─── INFORMATION SUPPLIED ───
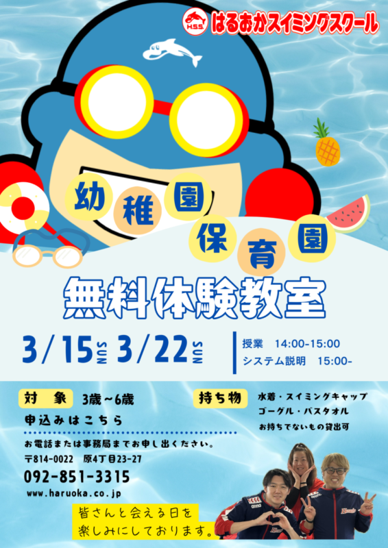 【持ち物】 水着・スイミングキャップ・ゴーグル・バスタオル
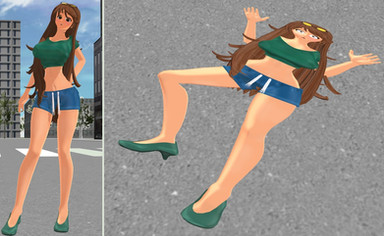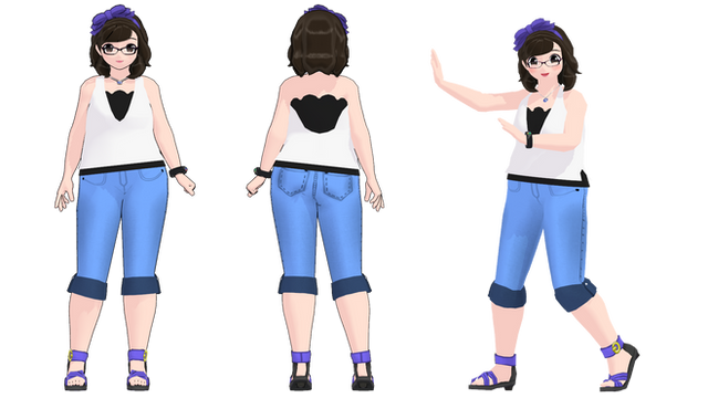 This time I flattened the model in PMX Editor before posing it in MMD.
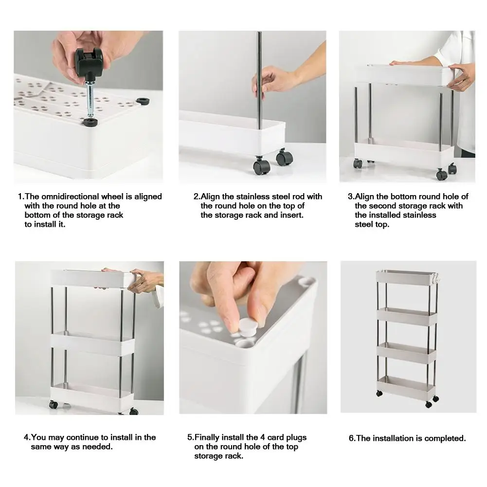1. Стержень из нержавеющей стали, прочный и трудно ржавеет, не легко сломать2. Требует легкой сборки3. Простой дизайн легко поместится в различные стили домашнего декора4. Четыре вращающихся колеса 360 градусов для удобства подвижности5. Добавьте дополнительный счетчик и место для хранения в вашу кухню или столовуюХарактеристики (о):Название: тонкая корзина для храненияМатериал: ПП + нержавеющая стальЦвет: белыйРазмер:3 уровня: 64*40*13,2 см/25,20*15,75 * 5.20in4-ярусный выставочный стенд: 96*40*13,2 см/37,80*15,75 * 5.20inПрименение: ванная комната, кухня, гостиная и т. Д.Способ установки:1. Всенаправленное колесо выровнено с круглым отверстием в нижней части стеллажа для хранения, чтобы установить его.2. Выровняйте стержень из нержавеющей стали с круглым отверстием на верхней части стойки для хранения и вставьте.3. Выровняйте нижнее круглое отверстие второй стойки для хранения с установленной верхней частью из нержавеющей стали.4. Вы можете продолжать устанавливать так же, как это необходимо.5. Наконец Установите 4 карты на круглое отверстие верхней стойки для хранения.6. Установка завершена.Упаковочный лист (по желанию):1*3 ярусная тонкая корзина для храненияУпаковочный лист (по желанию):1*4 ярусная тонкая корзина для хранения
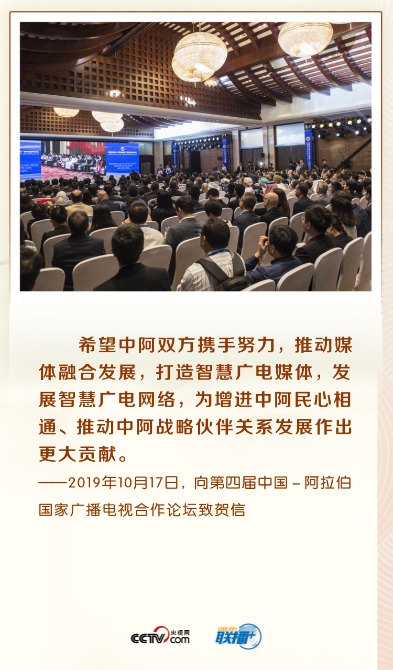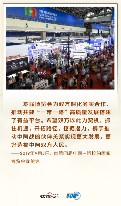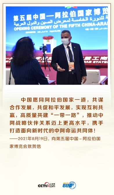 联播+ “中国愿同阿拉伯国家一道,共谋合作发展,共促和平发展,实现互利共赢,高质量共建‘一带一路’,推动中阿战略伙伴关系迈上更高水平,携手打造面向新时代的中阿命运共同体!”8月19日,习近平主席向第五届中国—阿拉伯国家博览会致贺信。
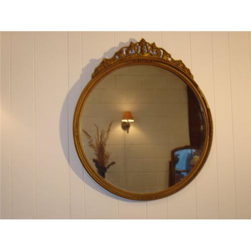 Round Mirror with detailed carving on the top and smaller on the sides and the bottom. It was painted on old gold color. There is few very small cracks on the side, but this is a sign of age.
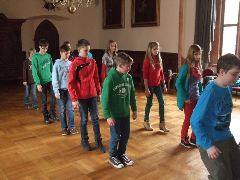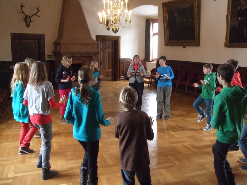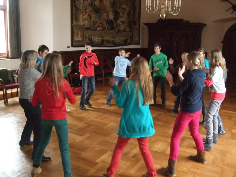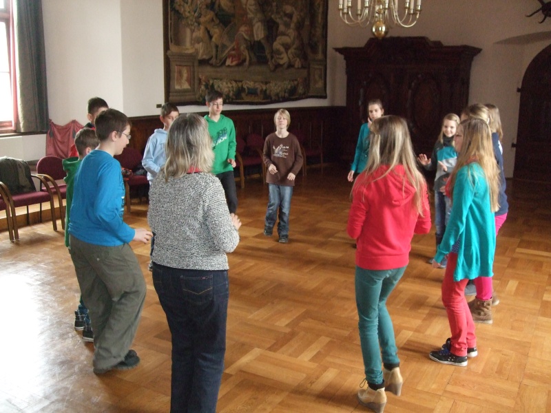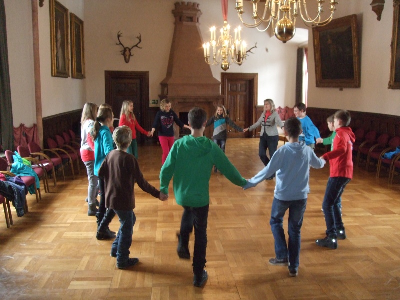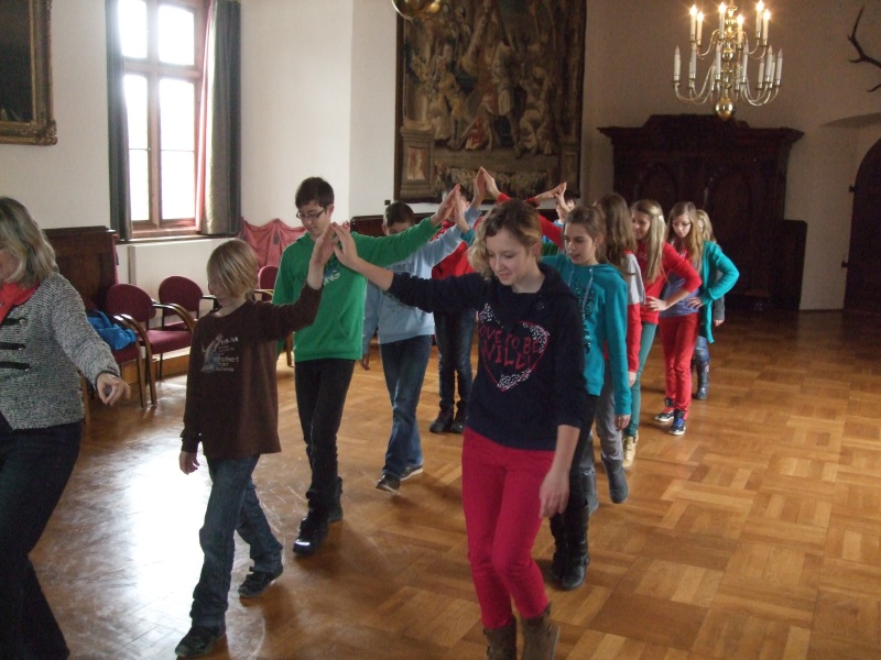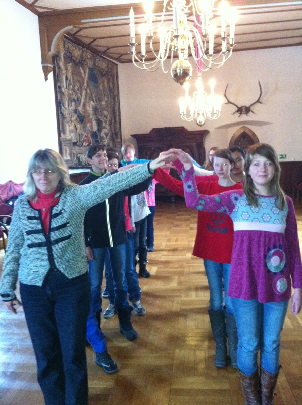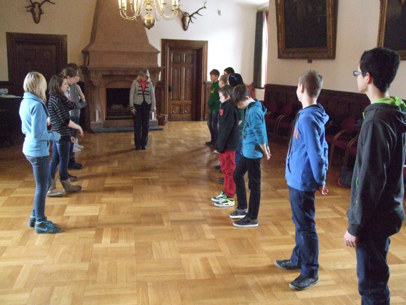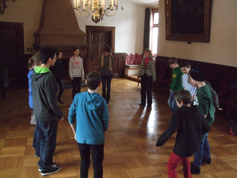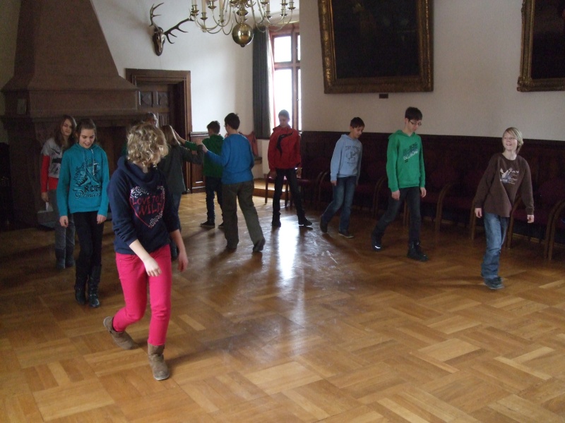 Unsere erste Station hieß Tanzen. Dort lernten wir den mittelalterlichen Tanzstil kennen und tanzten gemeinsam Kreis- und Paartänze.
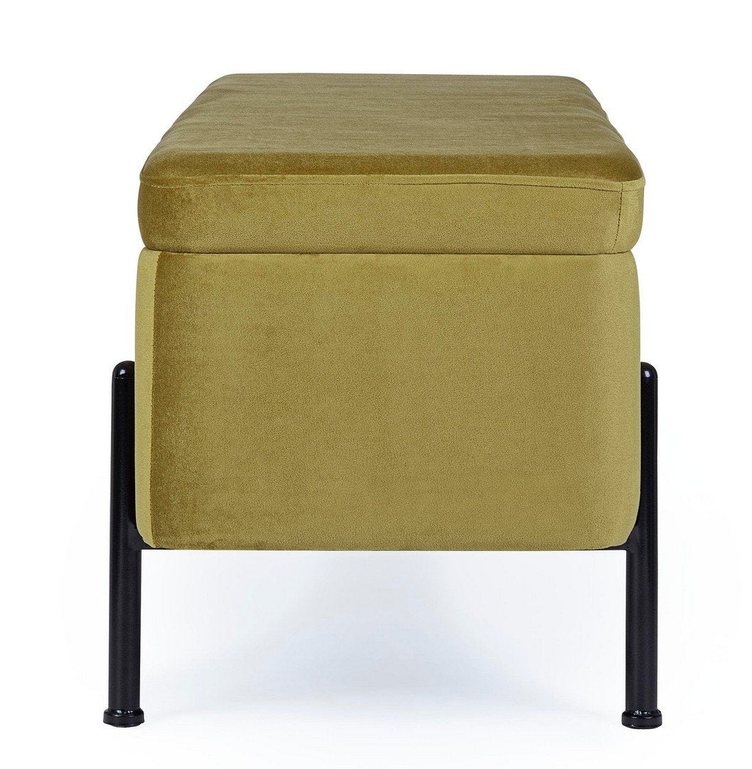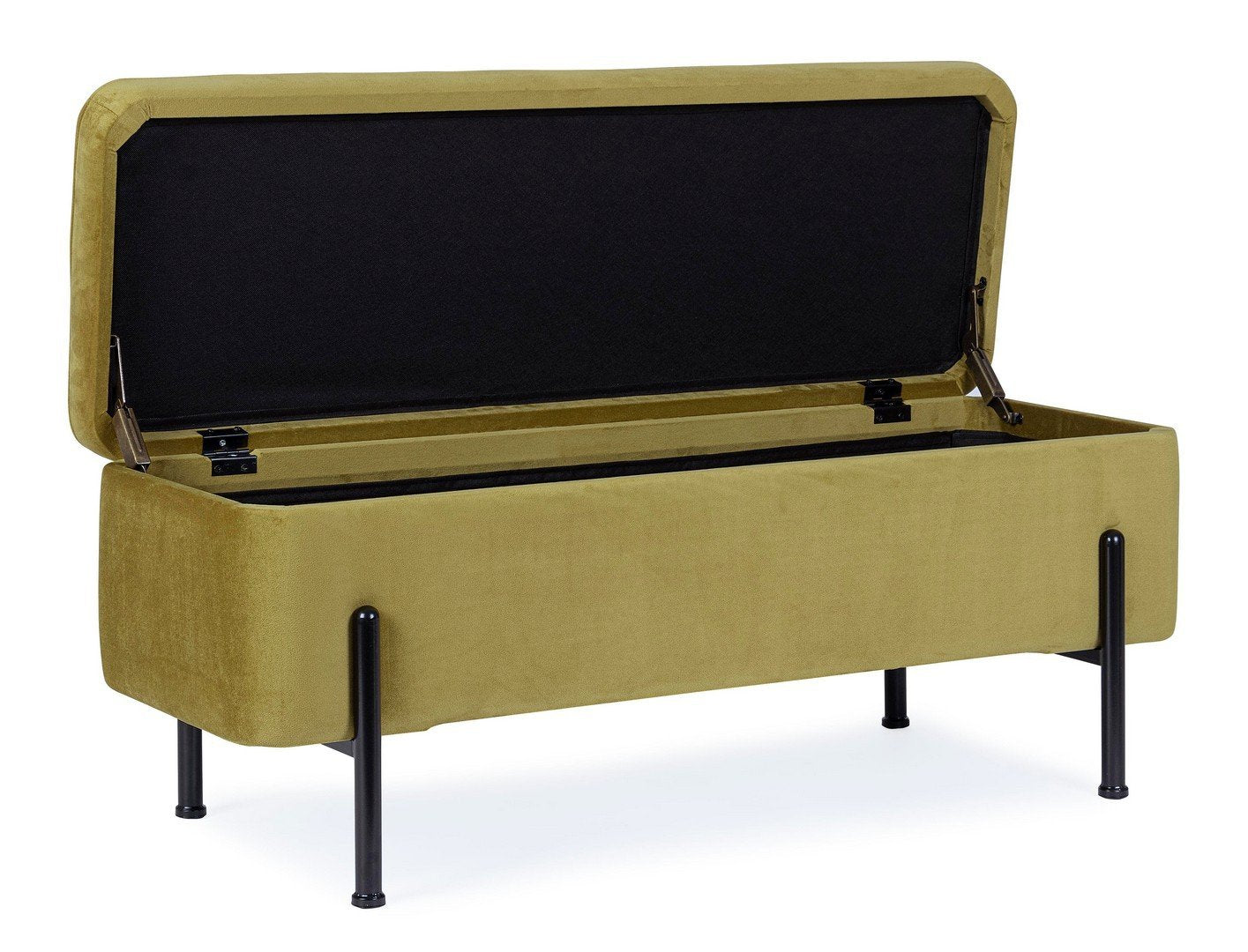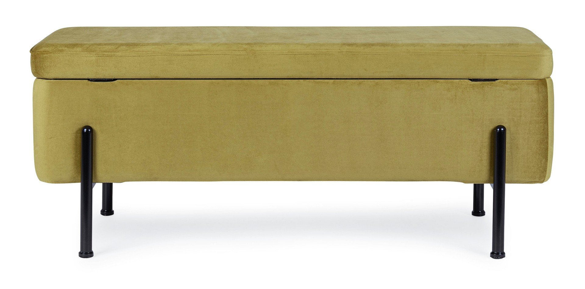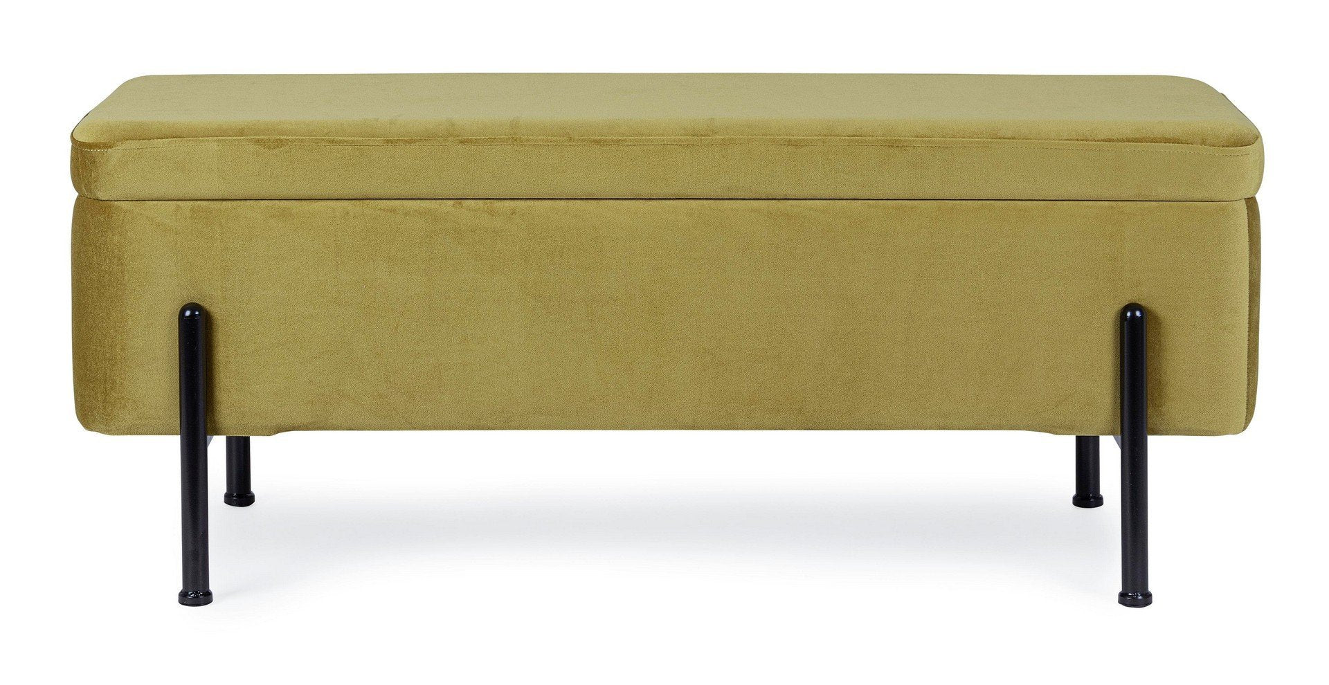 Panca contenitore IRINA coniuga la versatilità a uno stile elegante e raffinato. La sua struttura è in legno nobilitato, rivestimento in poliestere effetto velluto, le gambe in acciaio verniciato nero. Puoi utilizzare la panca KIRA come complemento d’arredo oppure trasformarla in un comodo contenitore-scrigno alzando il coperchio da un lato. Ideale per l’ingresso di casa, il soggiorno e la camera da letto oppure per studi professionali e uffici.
───
If a picture sits between the line containing "Round Mirror with" and the line containing "Unsere erste Station", leave it out, and return the lines of that range above exactly, both ends included.

 Round Mirror with detailed carving on the top and smaller on the sides and the bottom. It was painted on old gold color. There is few very small cracks on the side, but this is a sign of age.
 Unsere erste Station hieß Tanzen. Dort lernten wir den mittelalterlichen Tanzstil kennen und tanzten gemeinsam Kreis- und Paartänze.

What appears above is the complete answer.